▶ [Your objective]:
Although pictures appear in the data, the answer should contain only the lines from its start through the line with "1.4.2 Sketch map", written out exactly.
--- START ---
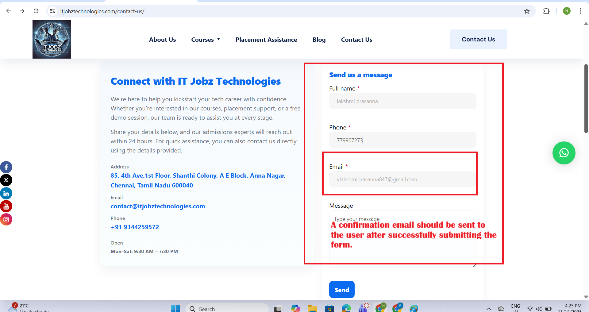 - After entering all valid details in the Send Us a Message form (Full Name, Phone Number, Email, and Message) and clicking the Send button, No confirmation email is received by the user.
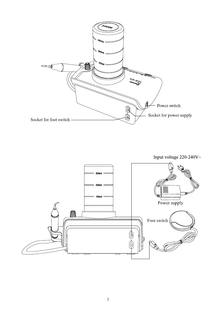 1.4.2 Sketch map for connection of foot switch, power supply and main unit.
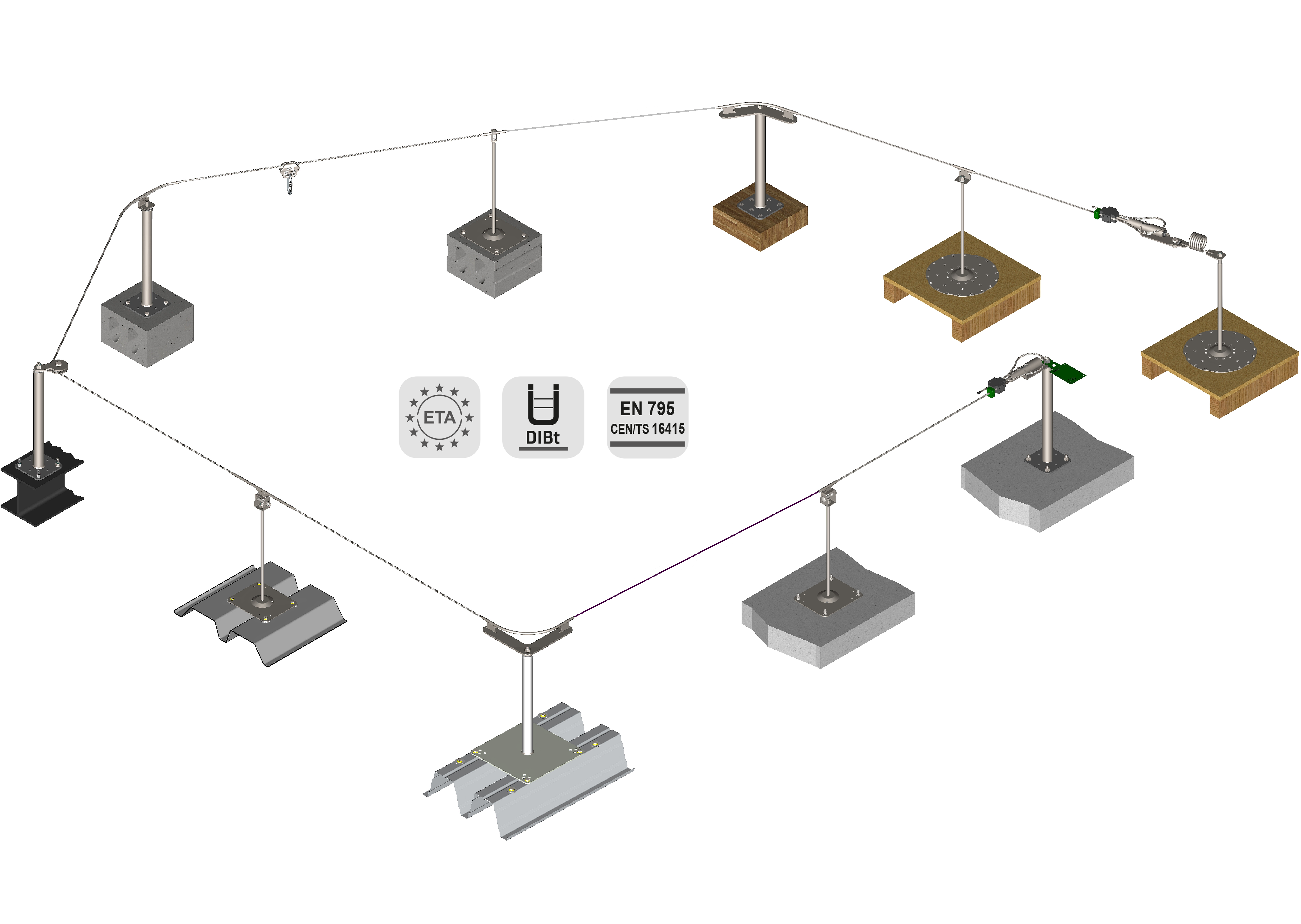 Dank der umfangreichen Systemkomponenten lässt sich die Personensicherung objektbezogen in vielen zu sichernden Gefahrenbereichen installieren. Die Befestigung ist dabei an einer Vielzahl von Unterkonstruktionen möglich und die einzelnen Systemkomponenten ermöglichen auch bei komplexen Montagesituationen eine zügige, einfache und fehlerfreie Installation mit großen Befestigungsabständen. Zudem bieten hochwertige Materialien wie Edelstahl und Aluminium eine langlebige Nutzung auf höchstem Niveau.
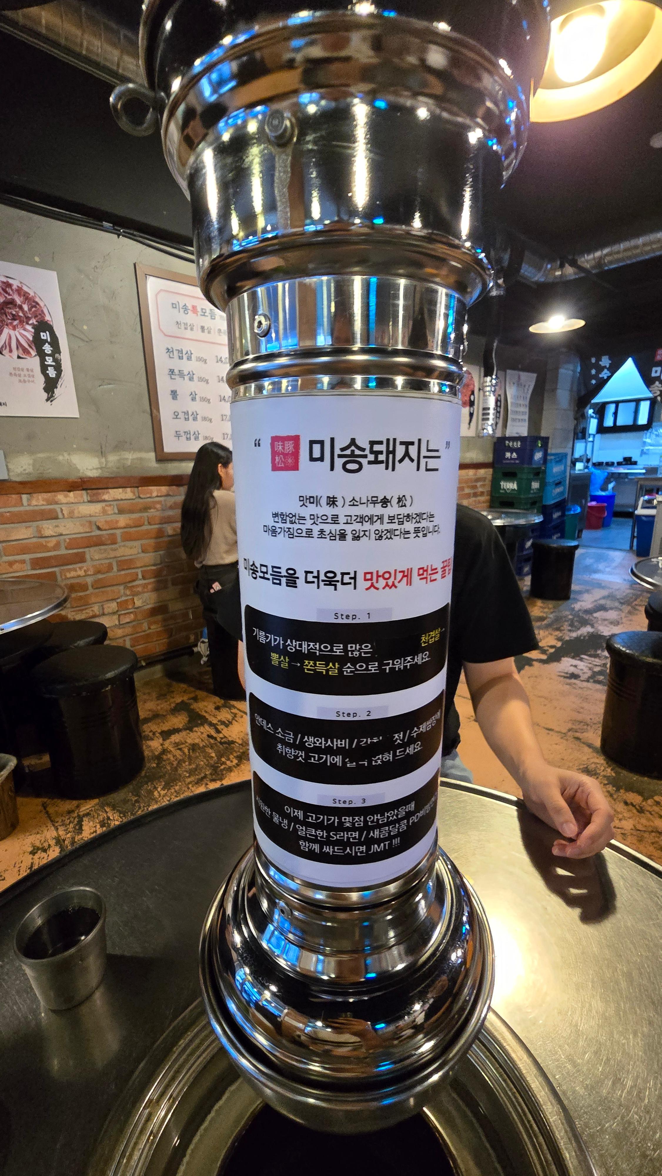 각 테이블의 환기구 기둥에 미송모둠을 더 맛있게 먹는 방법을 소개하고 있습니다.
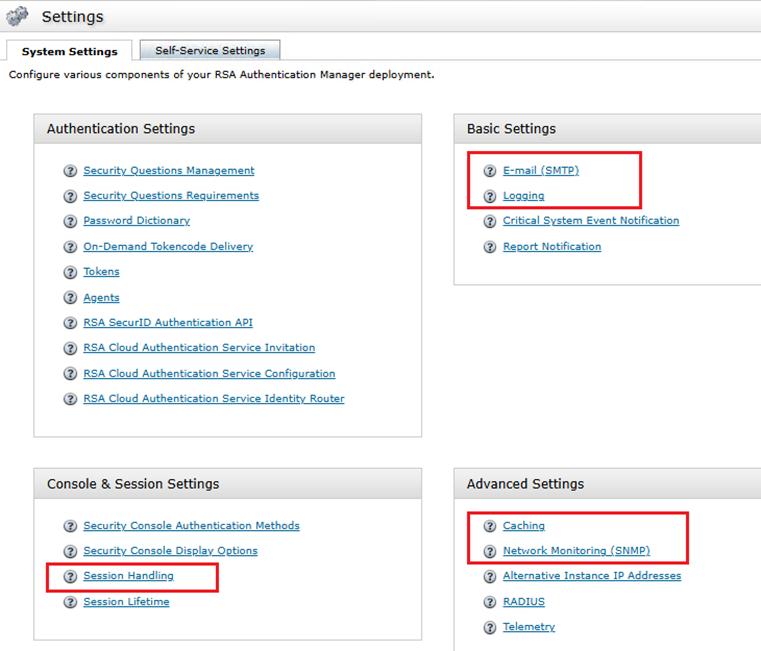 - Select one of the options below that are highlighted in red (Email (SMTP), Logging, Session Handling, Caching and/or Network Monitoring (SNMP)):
--- END ---
▶ [Answer for the task]:
 - After entering all valid details in the Send Us a Message form (Full Name, Phone Number, Email, and Message) and clicking the Send button, No confirmation email is received by the user.
 1.4.2 Sketch map for connection of foot switch, power supply and main unit.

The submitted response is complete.